Священник прочитал молитву у гроба старушки.
Музыканты вновь затянули нескончаемую мелодию грусти. Все слушали, опустив голову, пока гроб опускали в глубокую яму. И вдруг, из глаз мастера дудука градом полились слезы. Теряясь на мгновение в пухлых щеках Нарека, они падали на землю. Он играл так самозабвенно, как не играл никогда в жизни. Все присутствующие с удивлением смотрели на странного музыканта, который так близко к сердцу воспринимал горе совершенно чужого для него человека. И лишь двое, стоявшие рядом с ним, знали, что в это время за тысячи километров отсюда тоже звучит дудук, на похоронах матери их друга Нарека…

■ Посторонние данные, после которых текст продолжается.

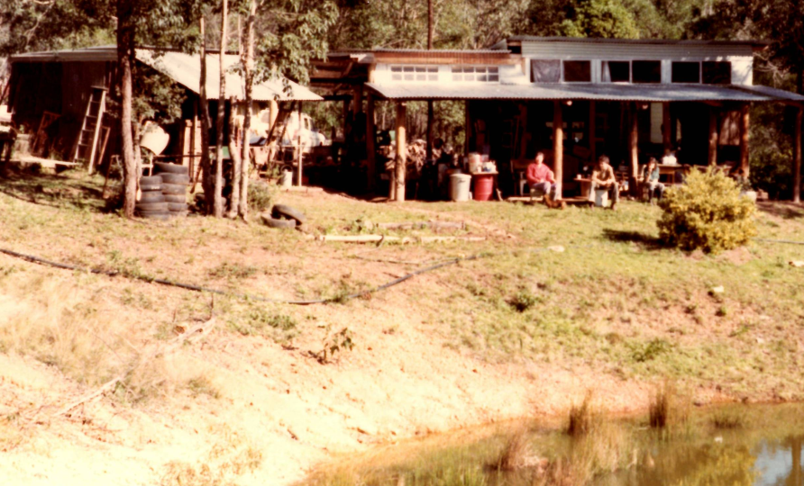 But both Judy and I loved the bush. We bought 160 acres of scrubby bush near Fernvale adjoining a national park filled with lantana, wait-a-while, and dingoes. Then, without any plans, approvals, electricity supply, or registered builders, we designed and built our own pole house. Using only an axe, chain saw, petrol-powered auger, crowbar, shovel, and a little old grey Fergy tractor, we built with second-hand corrugated iron walls and windows from demolition yards. Then we found and installed an old wood stove like my mother had.

[1] Армянский ударный музыкальный инструмент, имеющий форму цилиндра и покрытый одной или двумя мембранами. Основа чаще всего изготавливается из орехового дерева.
[2] Армянское название «циранапох». Язычковый духовой музыкальный инструмент с двойной тростью. Изготавливается из абрикосового дерева. Представляет собой трубку с 9-ю игровыми отверстиями. Циранапох упоминается в трудах армянского историка V века Мовсеса Хоренаци. Музыка дудука признана ЮНЕСКО шедевром нематериального культурного наследия человечества.